Please give back, exactly as written, the lines from the line with "Lundaarkeologiska avdelningens fotonegativ." to the line with "1일 통계청이 발표한" in the listing below, leaving out all pictures.

:::::

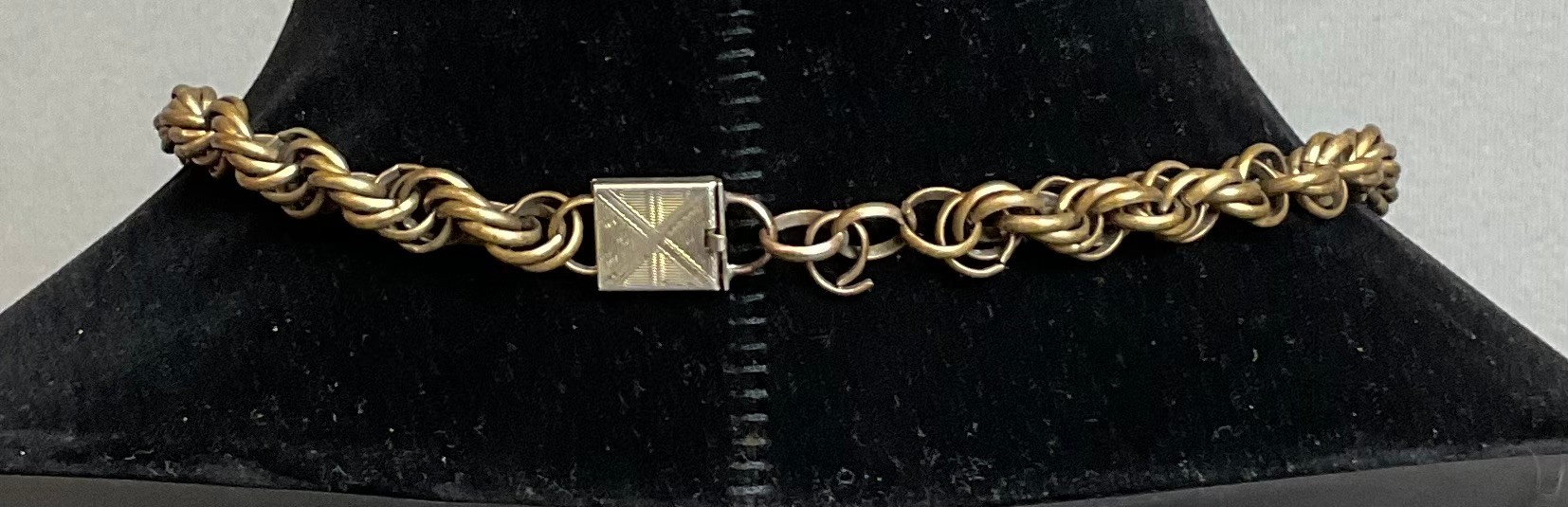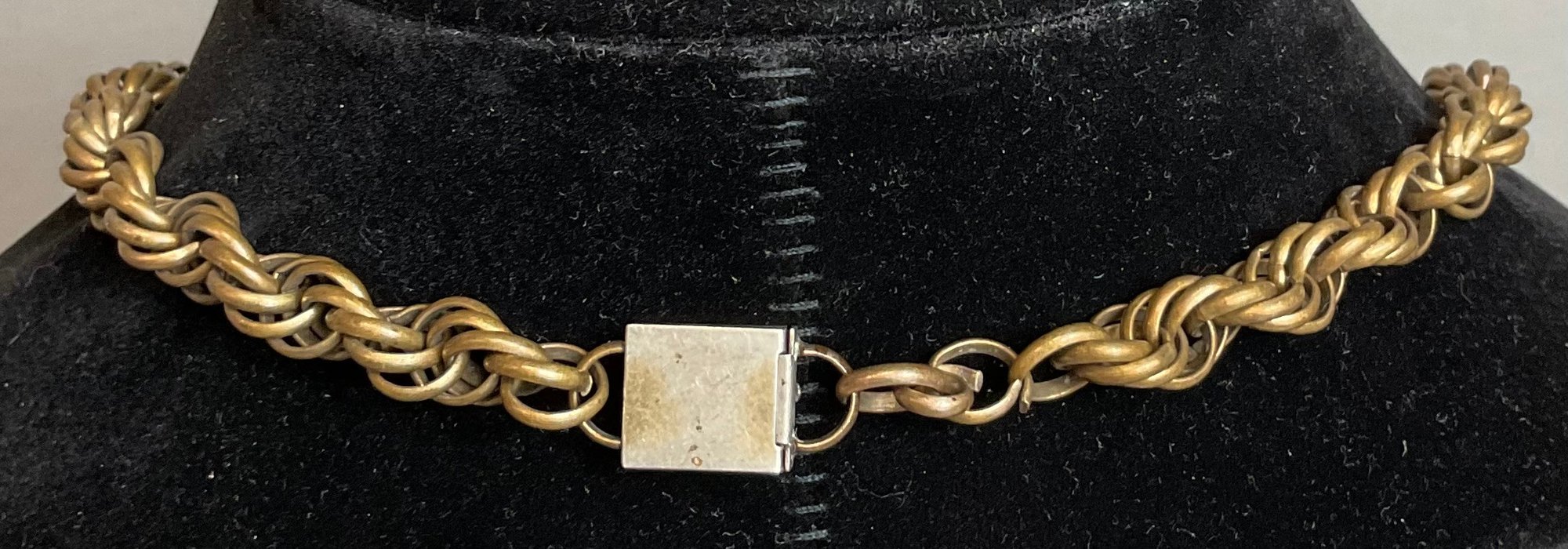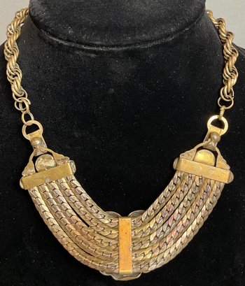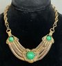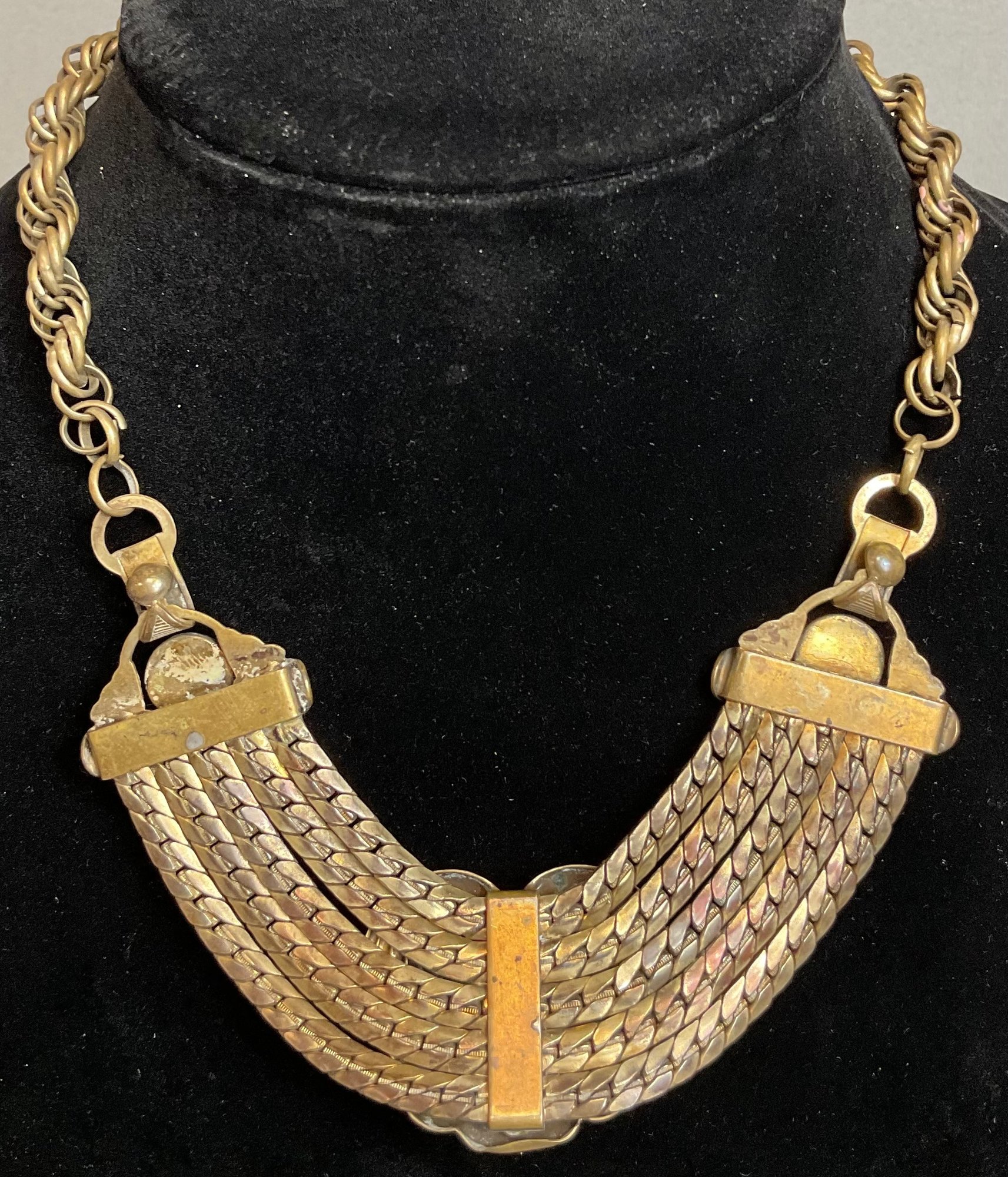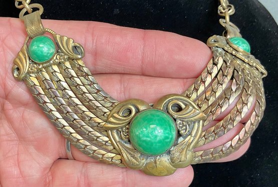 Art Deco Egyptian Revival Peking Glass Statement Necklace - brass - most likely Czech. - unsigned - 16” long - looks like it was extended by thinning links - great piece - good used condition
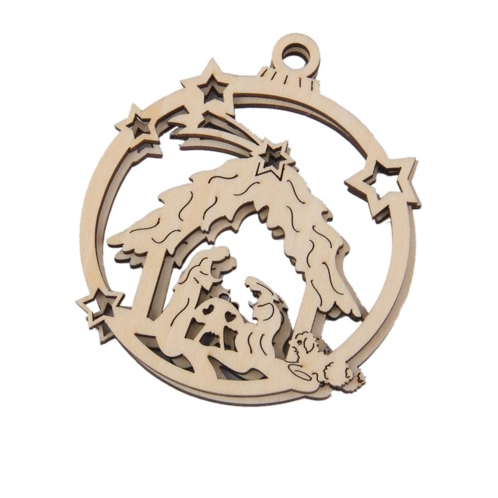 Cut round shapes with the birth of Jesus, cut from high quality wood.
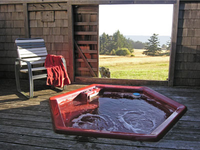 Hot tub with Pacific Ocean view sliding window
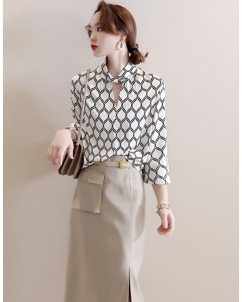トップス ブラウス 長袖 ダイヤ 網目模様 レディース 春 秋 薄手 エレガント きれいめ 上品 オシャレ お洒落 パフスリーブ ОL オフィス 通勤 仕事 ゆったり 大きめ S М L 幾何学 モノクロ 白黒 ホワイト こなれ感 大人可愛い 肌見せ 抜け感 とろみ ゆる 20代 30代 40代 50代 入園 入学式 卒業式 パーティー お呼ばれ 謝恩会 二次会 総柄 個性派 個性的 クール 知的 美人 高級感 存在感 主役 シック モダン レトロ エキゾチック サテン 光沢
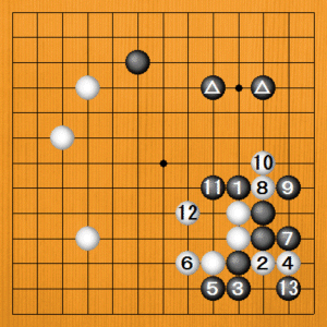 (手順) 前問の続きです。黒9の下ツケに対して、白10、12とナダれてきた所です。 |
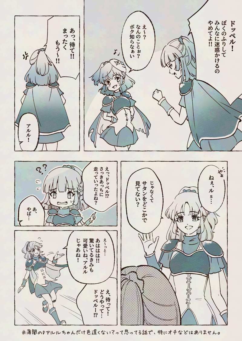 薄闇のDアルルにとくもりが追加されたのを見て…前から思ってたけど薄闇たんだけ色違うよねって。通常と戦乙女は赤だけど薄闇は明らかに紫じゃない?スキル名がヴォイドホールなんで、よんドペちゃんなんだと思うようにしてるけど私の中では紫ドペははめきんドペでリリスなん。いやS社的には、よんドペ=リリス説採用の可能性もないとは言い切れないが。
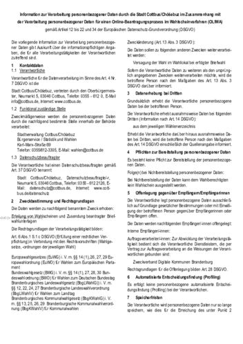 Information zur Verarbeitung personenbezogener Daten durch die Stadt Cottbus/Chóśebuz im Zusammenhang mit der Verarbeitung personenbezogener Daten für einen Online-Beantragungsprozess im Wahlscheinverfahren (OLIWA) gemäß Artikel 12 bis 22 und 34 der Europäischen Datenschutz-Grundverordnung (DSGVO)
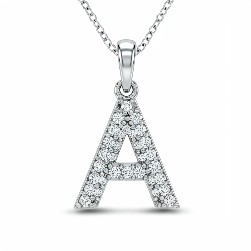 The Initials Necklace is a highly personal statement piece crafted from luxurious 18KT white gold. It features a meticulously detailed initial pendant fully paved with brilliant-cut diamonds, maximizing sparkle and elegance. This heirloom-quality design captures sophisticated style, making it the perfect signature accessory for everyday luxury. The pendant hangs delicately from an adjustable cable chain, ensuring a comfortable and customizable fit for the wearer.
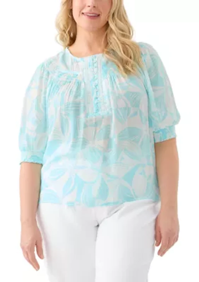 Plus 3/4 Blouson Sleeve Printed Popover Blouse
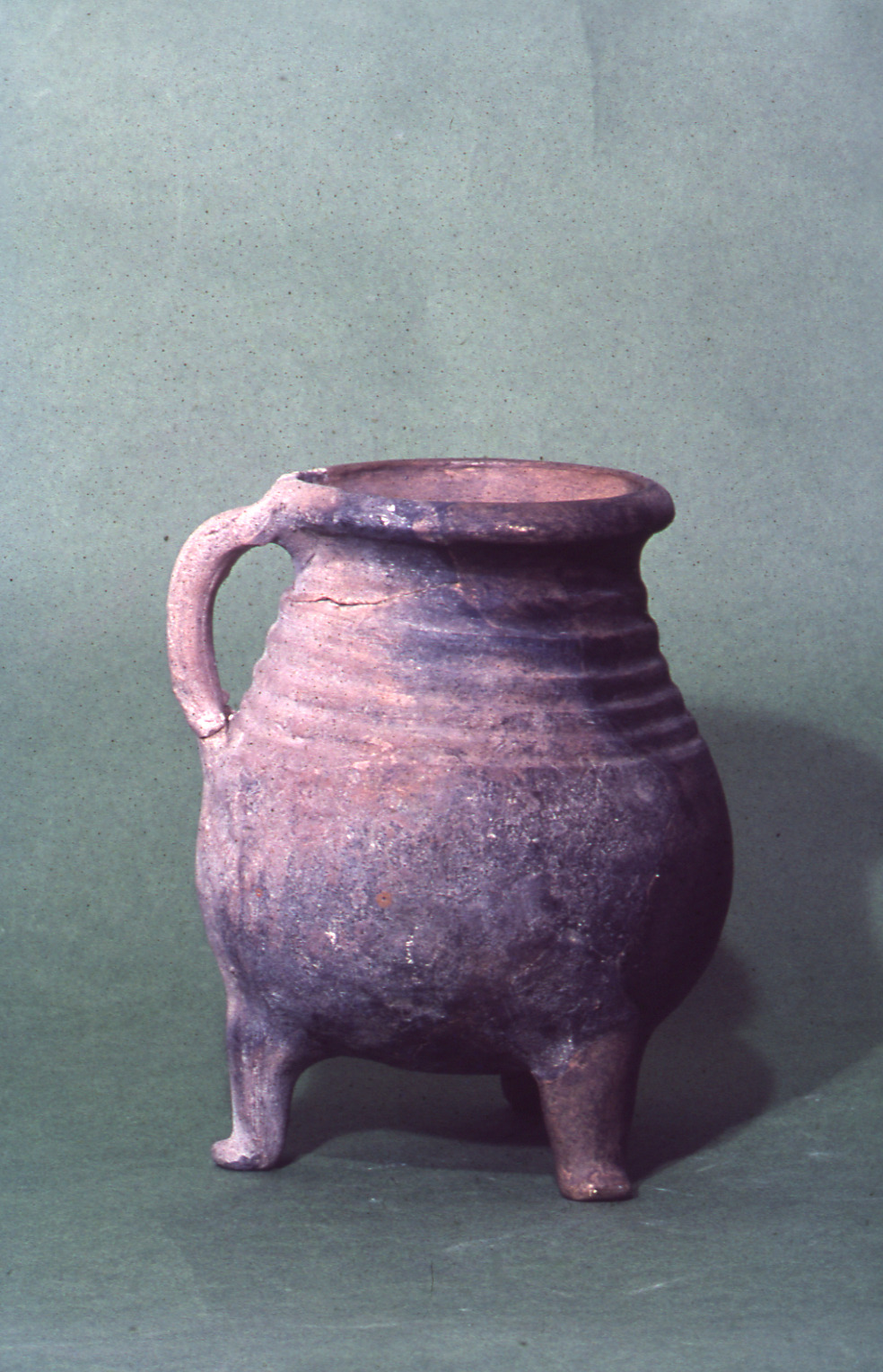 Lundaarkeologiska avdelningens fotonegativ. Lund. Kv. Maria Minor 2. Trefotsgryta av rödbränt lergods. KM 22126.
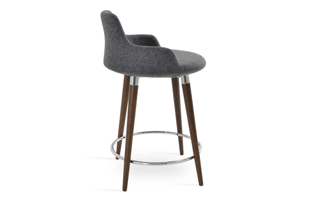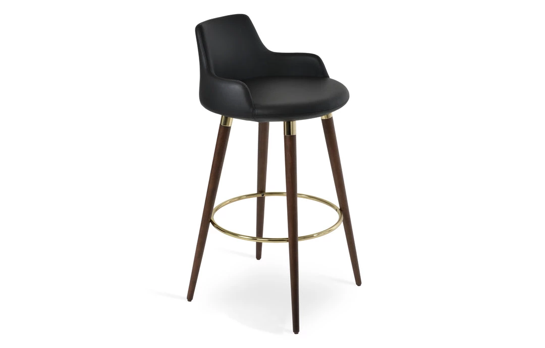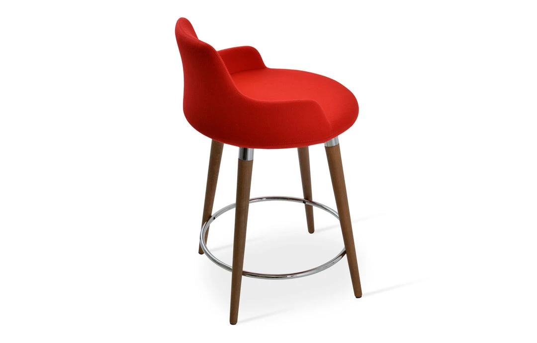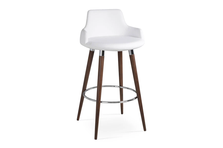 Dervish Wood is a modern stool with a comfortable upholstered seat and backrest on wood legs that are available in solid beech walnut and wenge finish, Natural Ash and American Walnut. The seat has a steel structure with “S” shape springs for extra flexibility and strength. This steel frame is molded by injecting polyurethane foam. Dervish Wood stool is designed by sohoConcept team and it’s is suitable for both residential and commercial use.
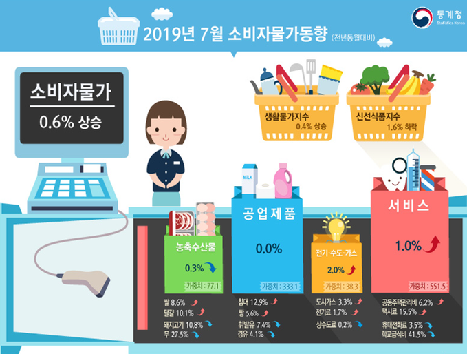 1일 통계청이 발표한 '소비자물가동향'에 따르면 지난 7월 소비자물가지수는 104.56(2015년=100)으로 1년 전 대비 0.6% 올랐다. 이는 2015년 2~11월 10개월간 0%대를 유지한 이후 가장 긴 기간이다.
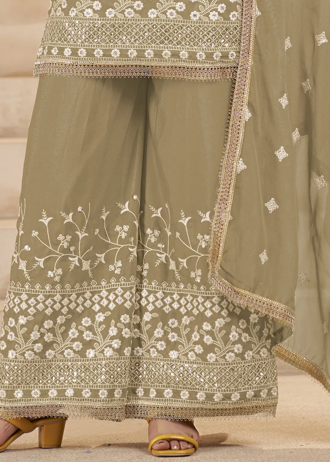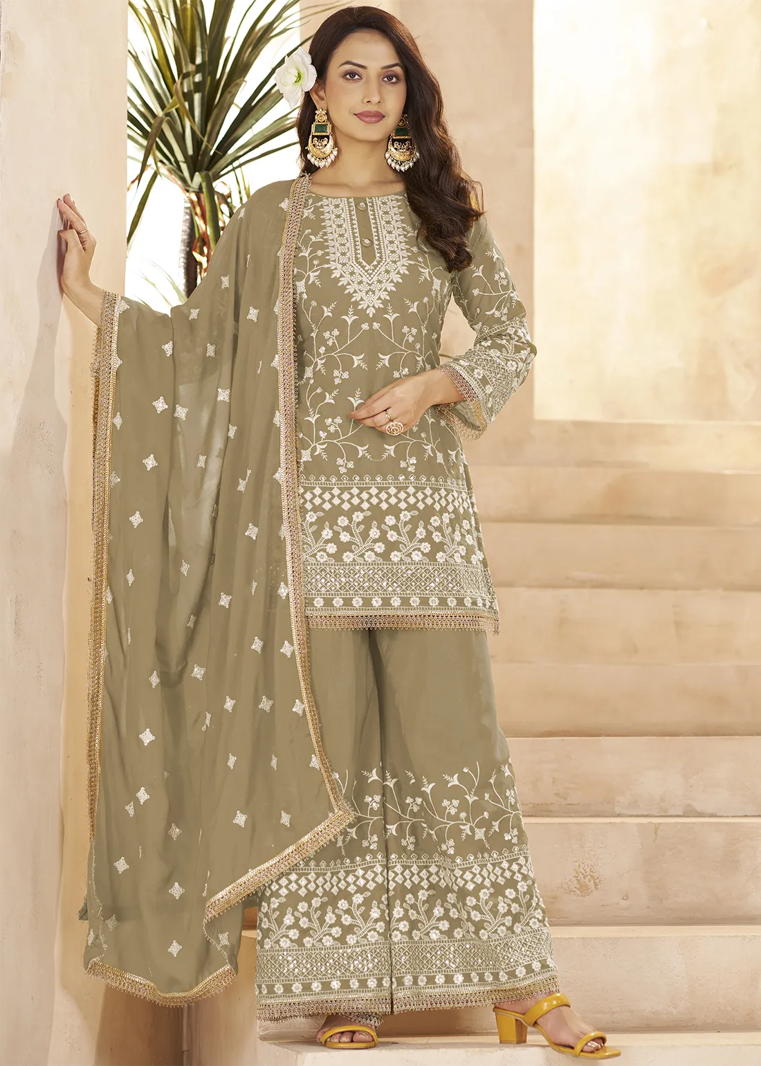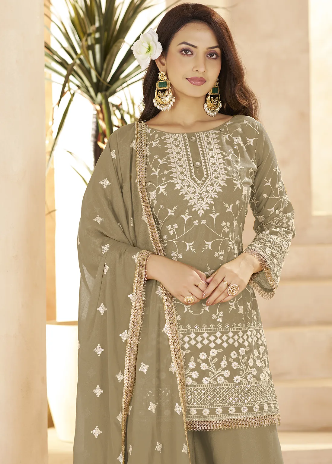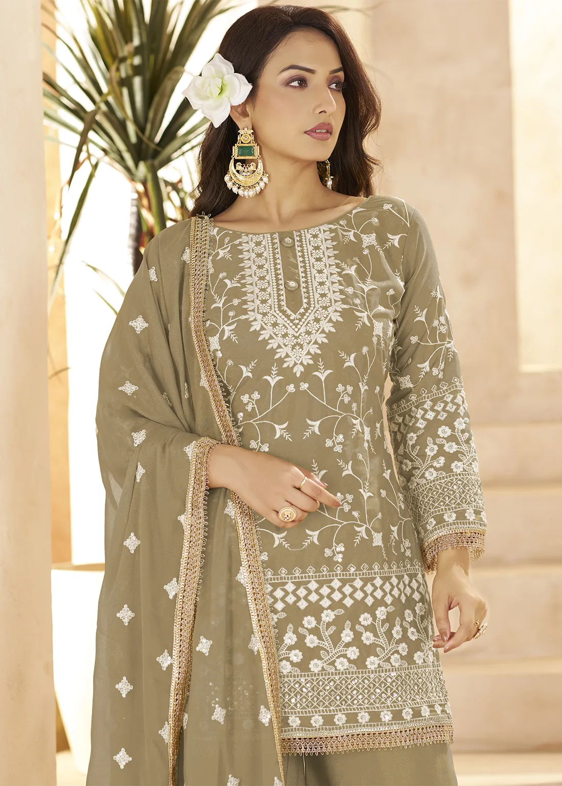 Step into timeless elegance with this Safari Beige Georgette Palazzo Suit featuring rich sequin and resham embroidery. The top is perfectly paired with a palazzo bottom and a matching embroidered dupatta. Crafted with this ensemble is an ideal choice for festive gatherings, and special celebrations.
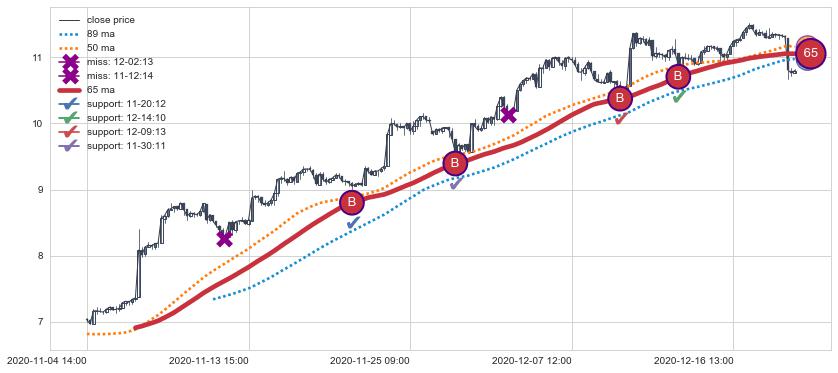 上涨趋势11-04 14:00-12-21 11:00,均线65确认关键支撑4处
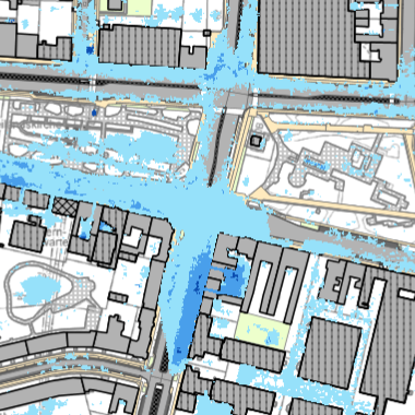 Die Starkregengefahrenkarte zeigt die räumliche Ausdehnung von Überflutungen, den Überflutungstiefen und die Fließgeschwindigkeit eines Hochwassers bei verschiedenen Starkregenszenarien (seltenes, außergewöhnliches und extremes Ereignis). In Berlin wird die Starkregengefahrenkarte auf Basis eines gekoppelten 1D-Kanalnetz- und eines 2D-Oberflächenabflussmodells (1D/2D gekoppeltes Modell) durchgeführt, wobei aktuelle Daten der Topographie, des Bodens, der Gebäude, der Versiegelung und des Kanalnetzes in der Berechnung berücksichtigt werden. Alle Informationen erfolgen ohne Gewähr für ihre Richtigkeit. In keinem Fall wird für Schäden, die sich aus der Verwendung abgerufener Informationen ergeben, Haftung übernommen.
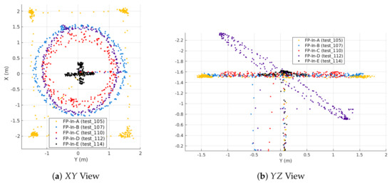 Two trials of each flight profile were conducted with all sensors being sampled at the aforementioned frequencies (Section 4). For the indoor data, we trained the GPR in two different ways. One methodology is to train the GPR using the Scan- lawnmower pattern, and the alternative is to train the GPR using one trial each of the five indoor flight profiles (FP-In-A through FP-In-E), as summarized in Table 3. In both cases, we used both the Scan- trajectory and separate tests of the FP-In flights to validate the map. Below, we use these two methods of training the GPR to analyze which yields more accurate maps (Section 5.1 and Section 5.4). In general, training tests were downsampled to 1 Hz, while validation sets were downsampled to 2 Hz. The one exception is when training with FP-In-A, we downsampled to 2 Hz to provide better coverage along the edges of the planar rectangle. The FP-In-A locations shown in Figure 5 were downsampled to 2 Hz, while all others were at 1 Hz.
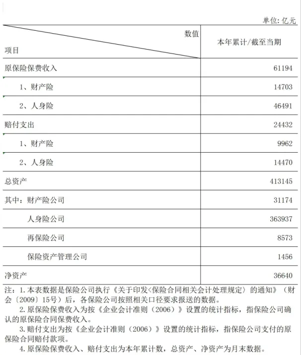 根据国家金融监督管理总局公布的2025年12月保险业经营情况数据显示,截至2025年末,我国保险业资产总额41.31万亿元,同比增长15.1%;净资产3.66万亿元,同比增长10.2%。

:::::

Worked solution:
 Lundaarkeologiska avdelningens fotonegativ. Lund. Kv. Maria Minor 2. Trefotsgryta av rödbränt lergods. KM 22126.
 Dervish Wood is a modern stool with a comfortable upholstered seat and backrest on wood legs that are available in solid beech walnut and wenge finish, Natural Ash and American Walnut. The seat has a steel structure with “S” shape springs for extra flexibility and strength. This steel frame is molded by injecting polyurethane foam. Dervish Wood stool is designed by sohoConcept team and it’s is suitable for both residential and commercial use.
 1일 통계청이 발표한 '소비자물가동향'에 따르면 지난 7월 소비자물가지수는 104.56(2015년=100)으로 1년 전 대비 0.6% 올랐다. 이는 2015년 2~11월 10개월간 0%대를 유지한 이후 가장 긴 기간이다.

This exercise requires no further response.